Cost-sensitive algorithm is an effective strategy to solve imbalanced classification problem. However, the misclassification costs are usually determined empirically based on user expertise, which leads to unstable performance of cost-sensitive classification. Therefore, an efficient and accurate method is needed to calculate the optimal cost weights.

Results

In this paper, two approaches are proposed to search for the optimal cost weights, targeting at the highest weighted classification accuracy (WCA). One is the optimal cost weights grid searching and the other is the function fitting. Comparisons are made between these between the two algorithms above. In experiments, we classify imbalanced gene expression data using extreme learning machine to test the cost weights obtained by the two approaches.

Conclusions

Comprehensive experimental results show that the function fitting method is generally more efficient, which can well find the optimal cost weights with acceptable WCA.

Background

Classification of gene expression data reveals tremendous information in various application fields of biomedical research, such as cancer diagnosis, prognosis and predictions [1,2,3]. However, the gene expression data is composed of high-dimensional, noisy and imbalanced data samples [4]. The characteristic of imbalanced data is serious imbalance in the proportion of positive and negative samples [5, 6]. Gene expression data exacts a series of pre-processing steps to eliminate misleading classification results [7]. Moreover, the classification of gene expression data is a cost-sensitive problem, although both positive and negative classifications of cancer genes provide important evidences for doctors to make the treatment plan.
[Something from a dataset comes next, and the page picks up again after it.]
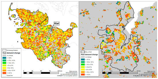 Heat demand density exceeds the threshold value of 150 MWh/(ha×a) now in just 60,962 grid cells, compared to 61,574 in the base reference results. This represents a decrease of 612 ha in the potentially suited area for district heating. Within the City of Kiel, 2890 hectares with a district heating potential are located (24% of the city area) that sum up to 1,657,030 MWh annual heat demand which is a share of 95% of the total residential building demand modeled for the city.

Traditional machine learning algorithms usually assume that the training set is balanced. For imbalanced datasets, such as the gene expression datasets, the classical classification algorithms with the correct classification rates (CCR) may bias towards the majority classes. However, the misclassifications of minority classes usually contribute the higher influences than those of majority classes. Therefore, The introduction of cost sensitive learning (CSL) is necessary to eliminate the defects of traditional classification algorithms for imbalanced datasets. Traditionally, oversampling the minority class, undersampling the majority class, and synthesizing new minority classes can be used to handle this problem. In this work, we utilize a more sophisticated way to search for the optimal weights, and the proposed methods are more advanced than ever.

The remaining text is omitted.